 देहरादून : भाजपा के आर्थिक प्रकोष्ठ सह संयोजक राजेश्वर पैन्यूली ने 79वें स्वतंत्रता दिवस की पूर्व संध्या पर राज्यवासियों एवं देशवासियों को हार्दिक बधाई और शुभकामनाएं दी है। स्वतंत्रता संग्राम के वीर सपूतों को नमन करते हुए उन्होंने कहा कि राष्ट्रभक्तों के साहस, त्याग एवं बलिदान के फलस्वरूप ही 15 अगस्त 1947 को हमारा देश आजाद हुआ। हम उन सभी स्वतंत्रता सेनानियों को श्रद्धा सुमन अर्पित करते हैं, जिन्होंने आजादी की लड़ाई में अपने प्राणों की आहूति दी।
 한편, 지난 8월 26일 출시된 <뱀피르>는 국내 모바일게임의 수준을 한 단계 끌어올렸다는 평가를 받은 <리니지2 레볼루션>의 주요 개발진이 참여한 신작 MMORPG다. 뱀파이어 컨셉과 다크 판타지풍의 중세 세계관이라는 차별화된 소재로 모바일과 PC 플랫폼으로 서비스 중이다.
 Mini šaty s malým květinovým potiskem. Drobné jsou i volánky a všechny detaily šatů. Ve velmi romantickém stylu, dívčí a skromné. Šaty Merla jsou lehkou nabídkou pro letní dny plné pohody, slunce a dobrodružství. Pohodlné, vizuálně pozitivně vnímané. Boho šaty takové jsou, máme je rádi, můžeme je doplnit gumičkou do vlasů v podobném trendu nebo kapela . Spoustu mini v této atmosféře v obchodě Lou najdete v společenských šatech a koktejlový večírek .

==

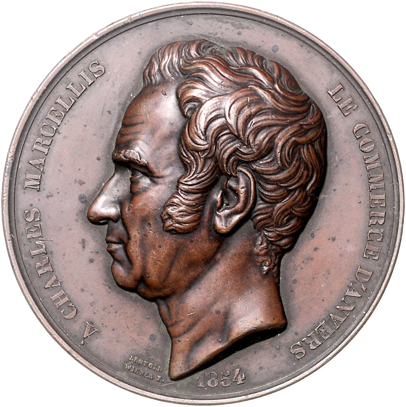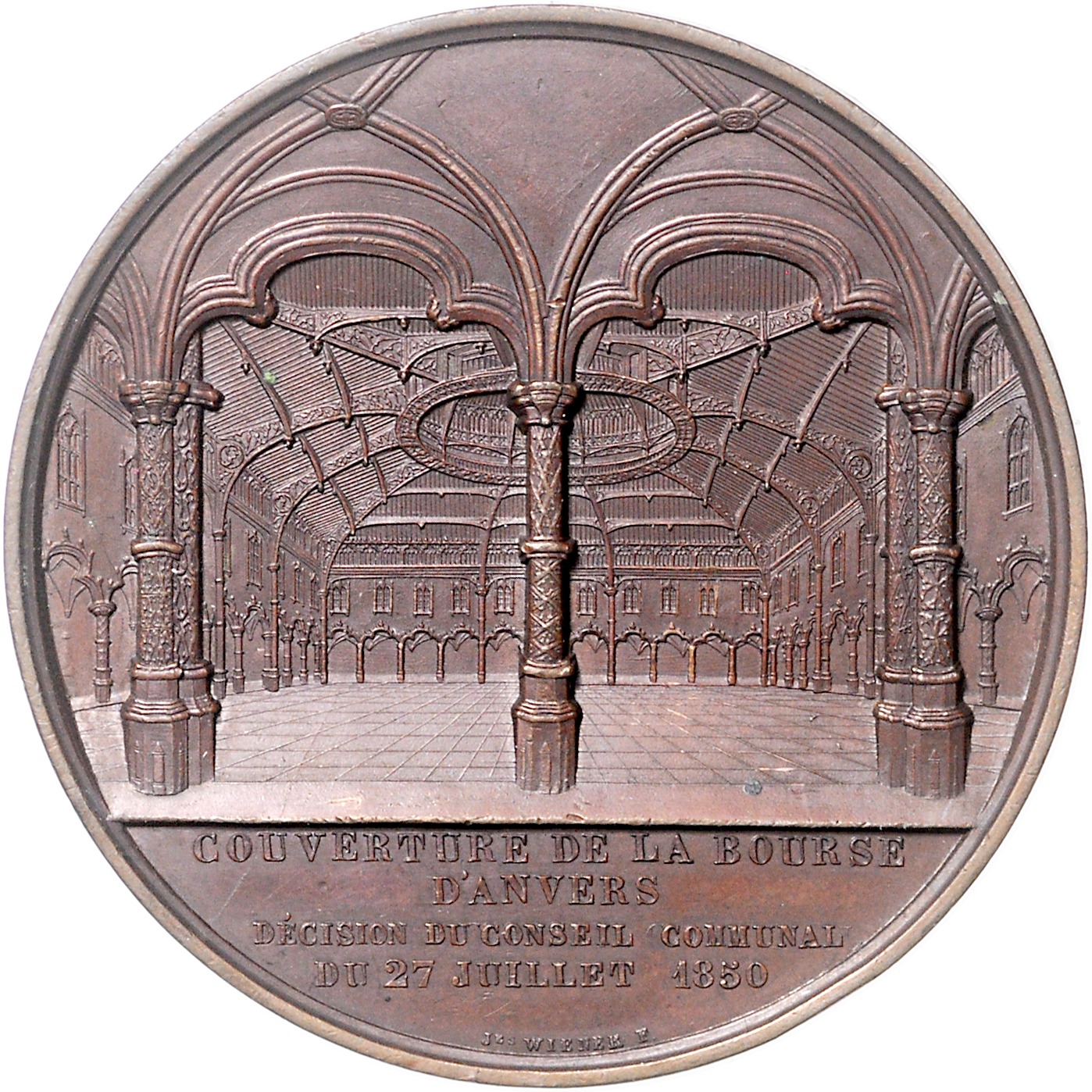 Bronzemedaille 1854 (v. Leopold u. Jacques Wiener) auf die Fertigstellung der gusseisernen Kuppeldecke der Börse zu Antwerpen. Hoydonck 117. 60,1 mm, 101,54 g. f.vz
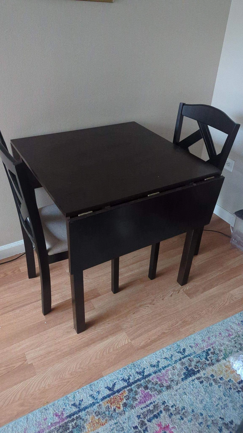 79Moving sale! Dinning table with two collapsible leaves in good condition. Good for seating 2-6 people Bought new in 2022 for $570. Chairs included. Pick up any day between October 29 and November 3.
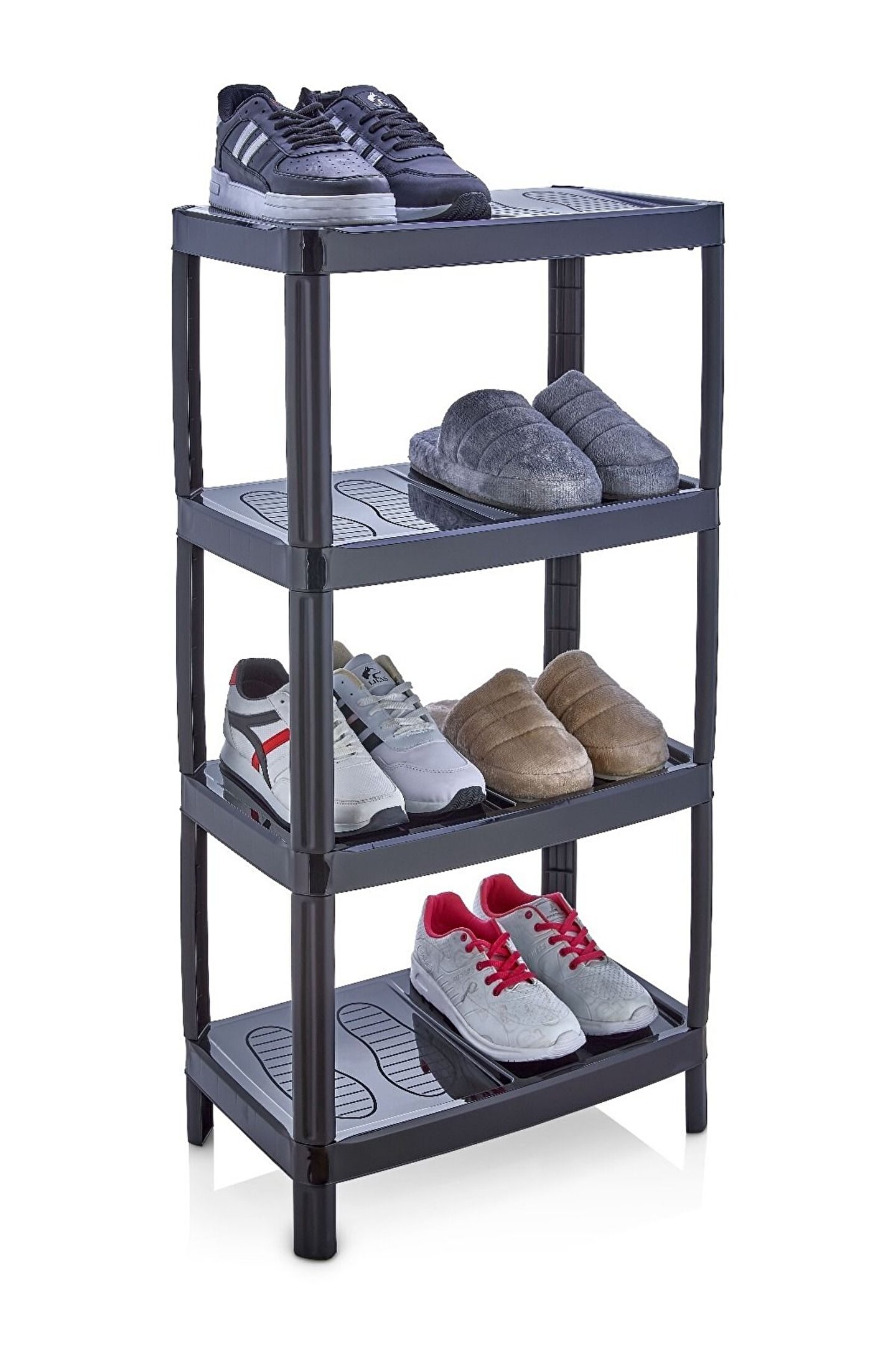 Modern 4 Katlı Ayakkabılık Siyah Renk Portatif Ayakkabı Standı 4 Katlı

...

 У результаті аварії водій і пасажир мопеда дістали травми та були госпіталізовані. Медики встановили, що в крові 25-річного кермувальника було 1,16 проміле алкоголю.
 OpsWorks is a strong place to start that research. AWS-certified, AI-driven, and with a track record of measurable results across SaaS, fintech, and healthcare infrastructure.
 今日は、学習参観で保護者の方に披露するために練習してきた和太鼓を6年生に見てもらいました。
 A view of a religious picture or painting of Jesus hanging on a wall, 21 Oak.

#### THE TASK
Starting at the line above that holds "У результаті аварії" and ending at the line that holds "A view of a", transcribe each line exactly and include no other lines.

#### SOLUTION FOR THIS PROBLEM
 У результаті аварії водій і пасажир мопеда дістали травми та були госпіталізовані. Медики встановили, що в крові 25-річного кермувальника було 1,16 проміле алкоголю.
 OpsWorks is a strong place to start that research. AWS-certified, AI-driven, and with a track record of measurable results across SaaS, fintech, and healthcare infrastructure.
 今日は、学習参観で保護者の方に披露するために練習してきた和太鼓を6年生に見てもらいました。
 A view of a religious picture or painting of Jesus hanging on a wall, 21 Oak.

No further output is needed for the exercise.